The set is annotated by examining the video footage and the trajectory data obtained from 3D range sensors. Using this ground truth and locomotion information, we first define various observables and establish their discriminating power. Subsequently, we propose two methods, one using Bayesian inference, and another one using a functional metric on probability density functions, to resolve for the social relation.

Our results show that we can always easily distinguish work-oriented dyads (colleagues) from leisure-oriented ones (families, couples, friends). It is also possible, at least using the Bayesian method, to distinguish leisure-oriented dyads between them, when no work-oriented dyad is presented to the algorithm. Nevertheless, the complete recognition of the colleagues, family, couple and friends categories appears to be harder, and although attained by the Bayesian method at the “event” level, it is not attained at the trajectory level (neither by the Bayesian nor by the functional metric method). This is shown to be due to the effect of the difficulty of recognizing short trajectories (with few events).
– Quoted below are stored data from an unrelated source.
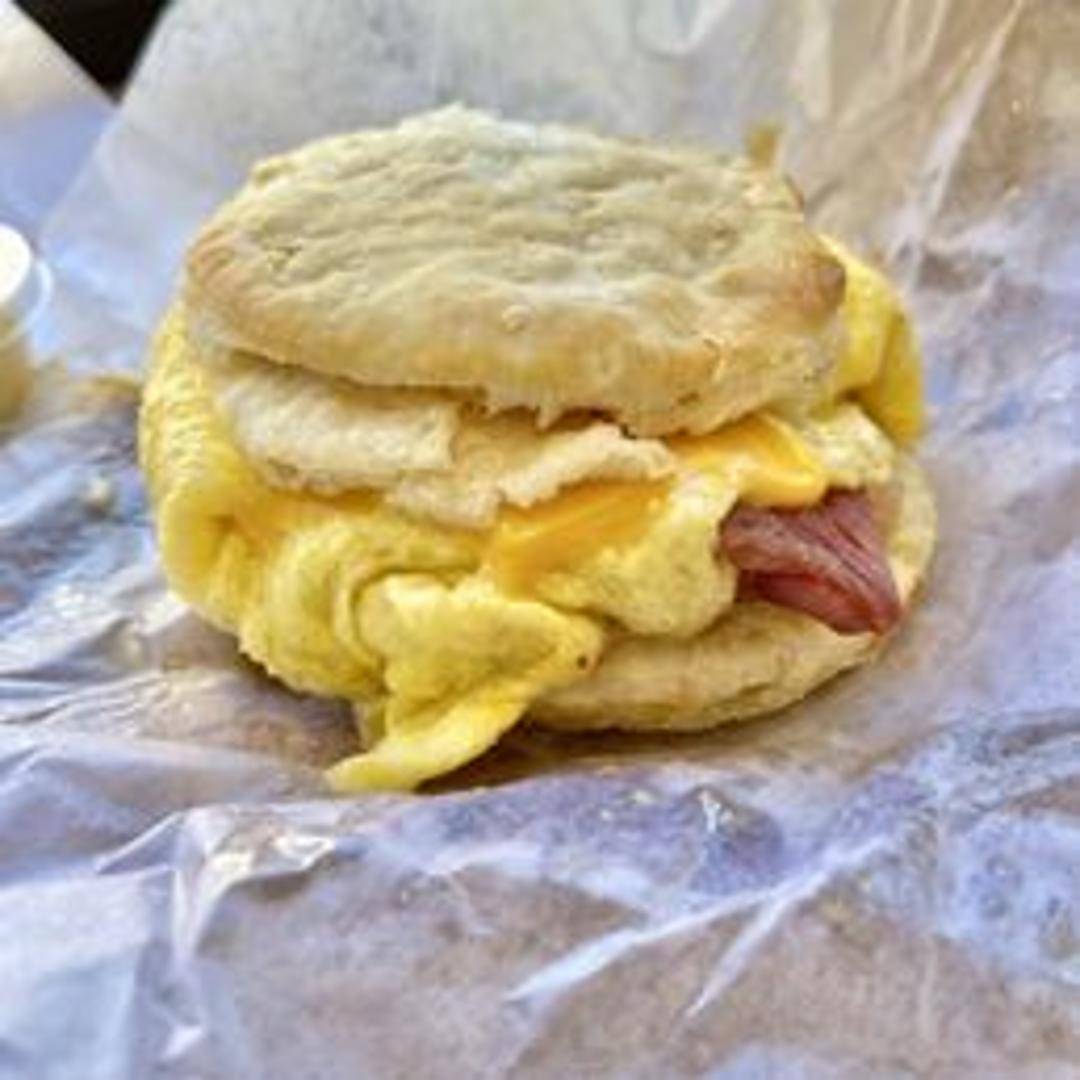 A hearty biscuit sandwich comprised of [Specific ingredients included in the Goldsboro sandwich, e.g., sausage, egg, and cheese].
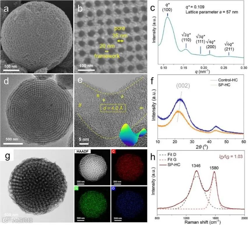 钠离子电池(SIBs)因钠资源储量丰富且成本低廉,成为一种前景广阔的储能技术。然而,其实际应用仍面临诸多挑战,包括初始循环期间的高不可逆容量损失、较差的倍率性能以及结构不稳定性。上海交通大学麦亦勇(国家杰青)、悉尼科技大学汪国秀院士团队合作在Advanced Materials期刊发表题为“Bicontinuous Structure Mediated Microstructural Engineering of Hard Carbon for Enhanced Sodium Storage”的研究论文,上海交通大学/悉尼科技大学汤臣为论文第一作者,麦亦勇、汪国秀院士、上海交通大学徐富贵、武汉理工大学安琴友为论文共同通讯作者。该研究通过微观结构工程,报道了一种具有单原始(SP)微观结构的双连续介孔硬碳材料(简称SP–HC),成功解决了这些局限性。这种SP–HC设计提高了Na⁺存储位点的密度和可及性,增强了碳材料的无序度,并扩大了层间距,从而提升了钠存储容量和动力学性能。其三维连续介孔通道可实现Na⁺的快速传输,在10 A g⁻¹电流密度下展现出172 mAh g⁻¹的卓越倍率性能(1分钟即可充满电)。值得注意的是,SP–HC负极表现出前所未有的循环稳定性,即使在10 A g⁻¹的高电流密度下循环100,000次后,仍能保持80 mAh g⁻¹的高容量。
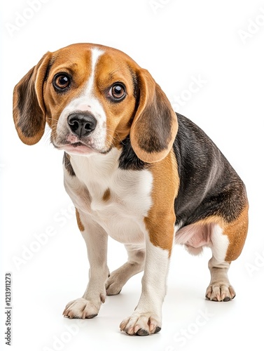 Portrait of a Beagle Dog Sitting on White Background, Showing a Pensive Expression
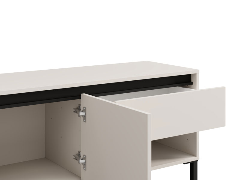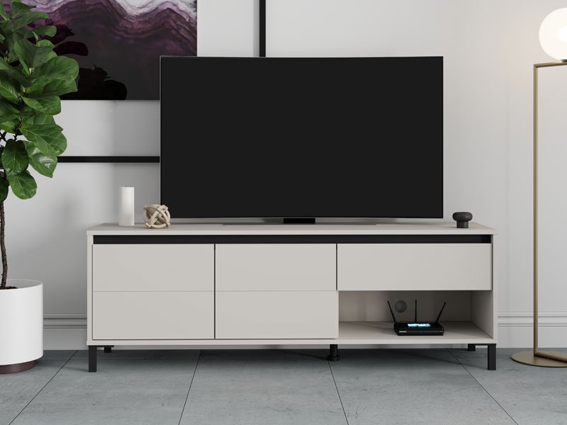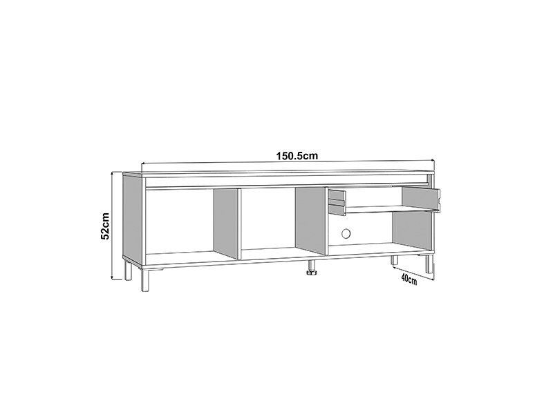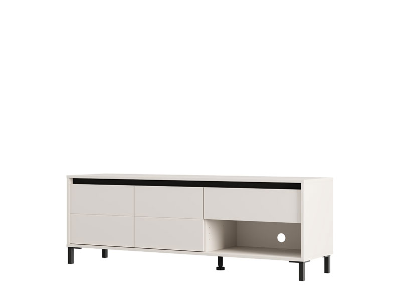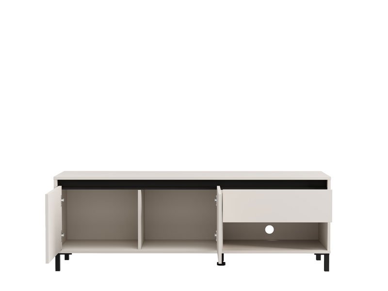 L’étagère à télévision MARRON TV 150 3K1F2V en combinaison du décor cachemire et de la feuille matte noire apporte à l’espace un contraste visuel moderne et une chaleur sophistiquée. Son espace utilisable se compose de deux segments cloisonnés fermés, d’une étagère ouverte et d’un tiroir, permettant un rangement pratique et organisé. L’étagère à télévision MARRON TV 150 3K1F2V fait partie du système d’éléments MARRON, se distinguant par l’harmonie des tons modernes et la fonctionnalité de la conception moderne.
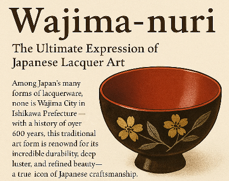 Among Japan’s many forms of lacquerware, none is more admired or celebrated than Wajima-nuri, the exquisite craft of Wajima City in Ishikawa Prefecture. With a history of over 600 years, this traditional art form is renowned for its incredible durability, deep luster, and refined beauty—a true icon of Japanese craftsmanship.
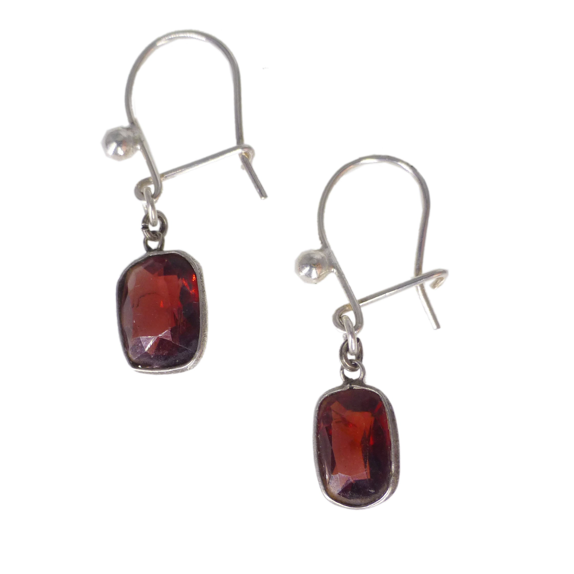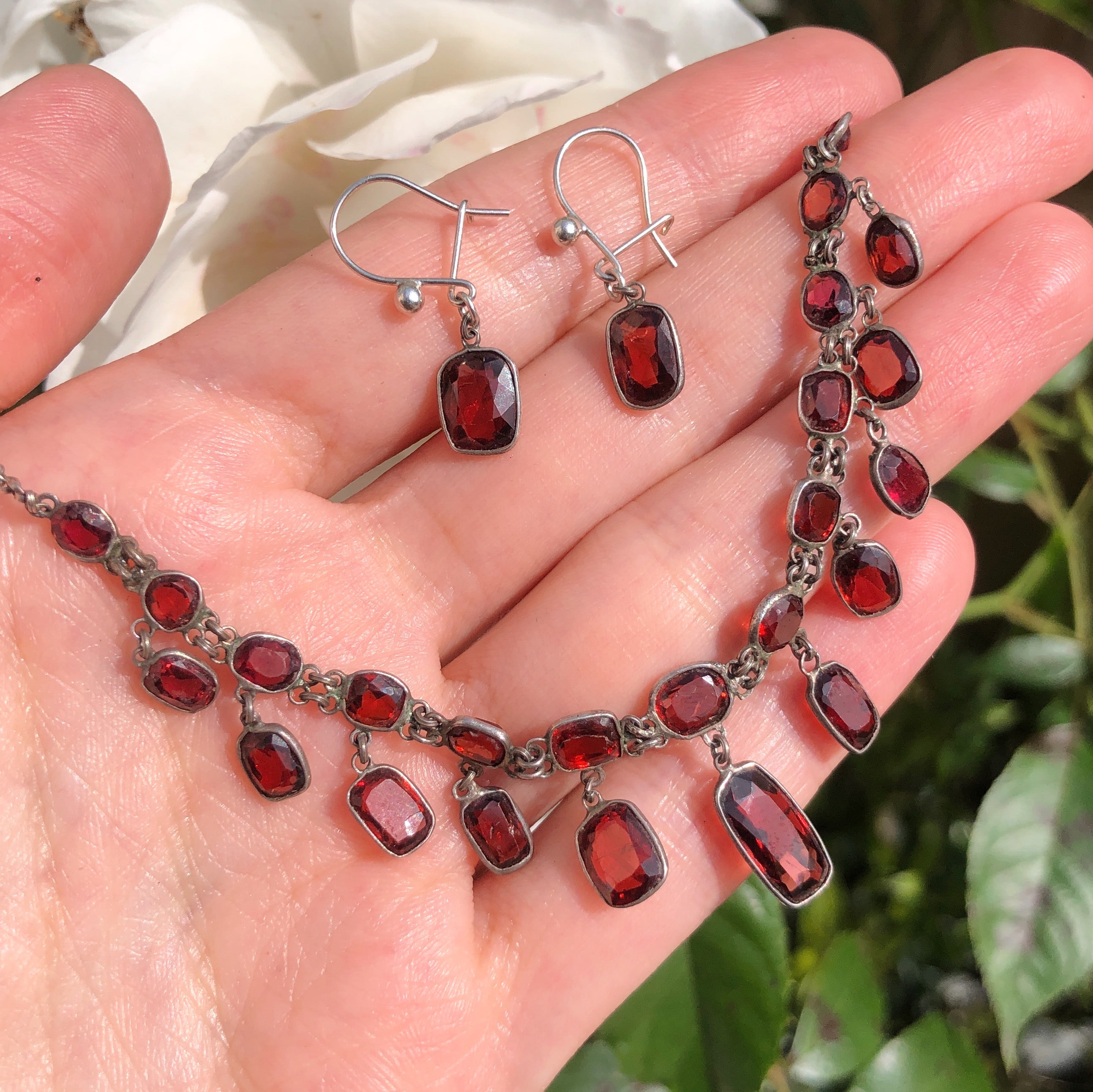 The necklace would have originally featured a hooked 'S' clasp but this has been replaced at some point with a silver bolt ring. The earrings feature a matching garnets that hang from more modern silver pierced hooks.
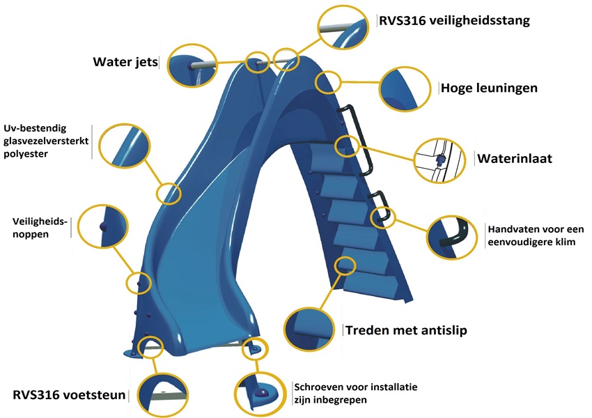 Het biedt hierdoor veel plezier en veiligheid voor alle gebruikers. Deze glijbaan is ideaal voor zowel binnen- als buitenzwembaden, dankzij de weerstand tegen UV-stralen en het 100% gerecyclede en recyclebare materiaal.
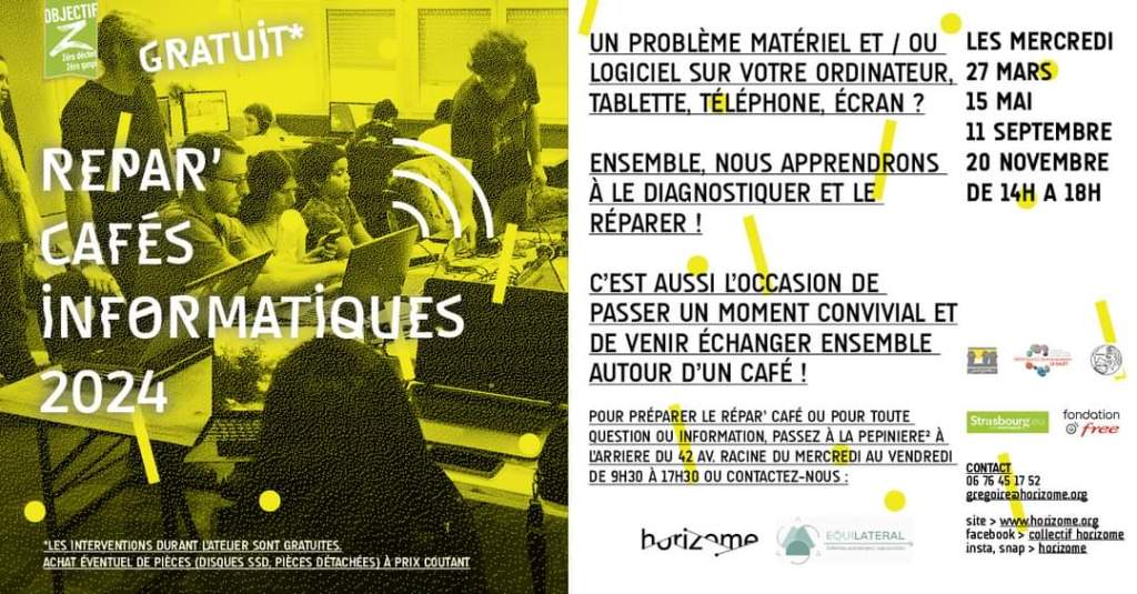 Organisé par le collectif Horizome, en partenariat avec Équilateral, Le Galet CSC Hautepierre et Jeep Hautepierre, cet événement s’adresse à toutes et tous. Que vous souhaitiez diagnostiquer un problème matériel ou logiciel, trouver des solutions pratiques, ou simplement découvrir les rouages de l’informatique autour d’un café, ce rendez-vous est fait pour vous.
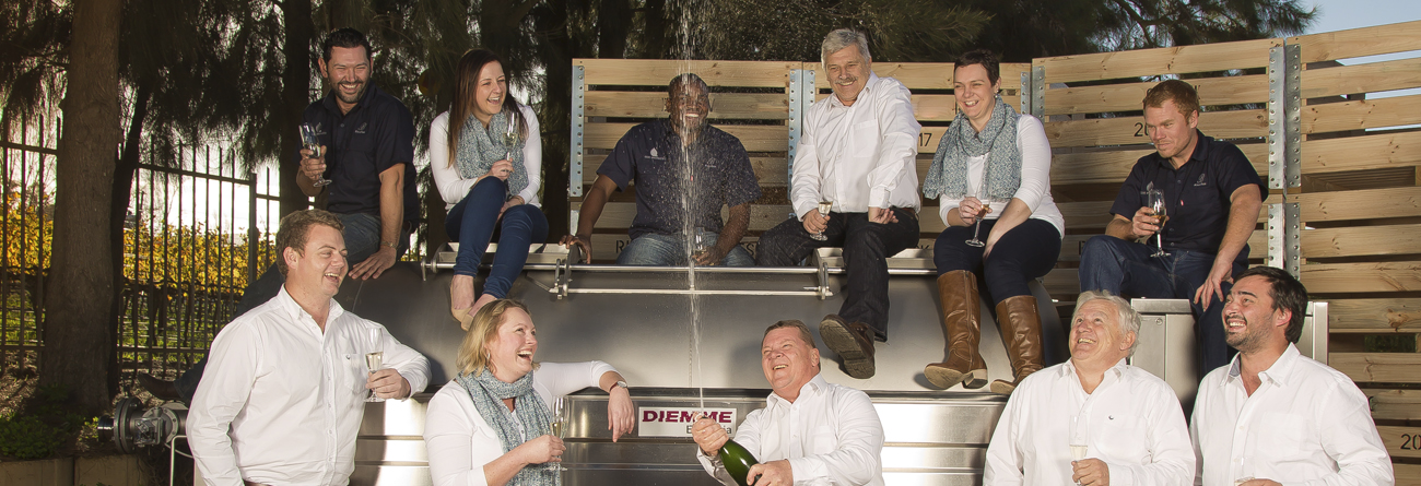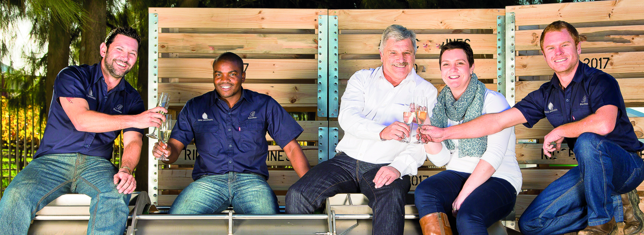 Top right: Albert de Wet (Bacchus); Anthony Gertse (Roundstone); Joan Heatlie (Winemaker Roundstone); Giuseppe Minnicucci (Owner of CMA); Chris Mullineux.
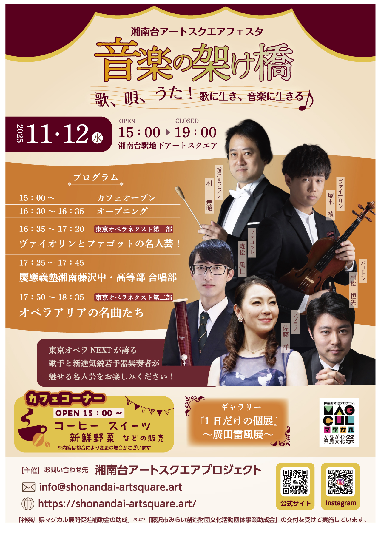 11月12日(水)は、アートスクエアフェスタ『音楽の架け橋』開催いたします。
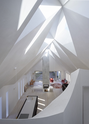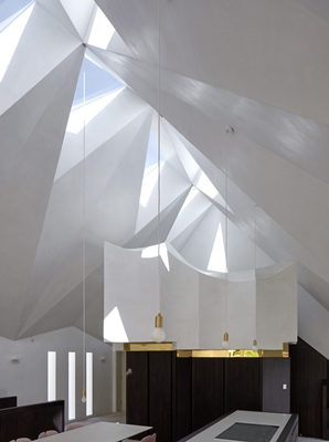 een voormalige kapel getransformeerd tot eigentijds woonhuis. Binnen de bestaande schil is een ruimtelijke, parelwitte leefruimte onder een gefacetteerd gewelf gerealiseerd. Het resultaat heet eenvoudigweg 'Chapel'.
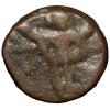 Transport yourself back in time with this exquisite collectible from the Sunga Kingdom in the 2nd century BC. This cast copper Kakani of multiple symbols hails from the Kausambhi Region, featuring an obverse design of an elephant to the left and a wheel on top, while the reverse showcases a wheel and tree within a railing. Weighing 0.54 grams and measuring 9.34 mm, this rare fractional denomination piece is in about fine condition. The historical significance of this coin, along with its unique design and scarcity, makes it a prized addition to any ancient coin enthusiast’s collection. Embrace a piece of history with this remarkable artifact.
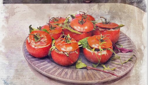 Запечённые помидоры с салатом из печени трески. Друг, повар, или другие советники, не подсказывали.
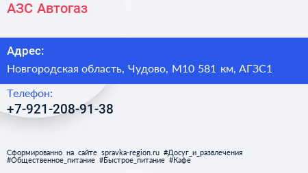 АЗС, Автогаз по адресу Новгородская область, Чудово, М10 581 км, АГЗС1 в дальнейшем Организация, размещена в следующих категориях:

This problem appears to have a considerable effect in particular on the functional metric method, since this approach needs to explicitly build the empirical pdf for the observed trajectory. On the other hand, the independence of the Bayesian approach from the trajectory pdf appears to make it superior in the resolution of the proposed problem. Nevertheless, when we further specified the definition of families by using only trajectories of dyads involving a child, we were able to obtain satisfactory recognition rates also with the functional metric method. Moreover, the Bayesian method attains the best performance when the priors are modified using past outcomes. It may be expected that optimizing on the learning parameter α could further increase its performance.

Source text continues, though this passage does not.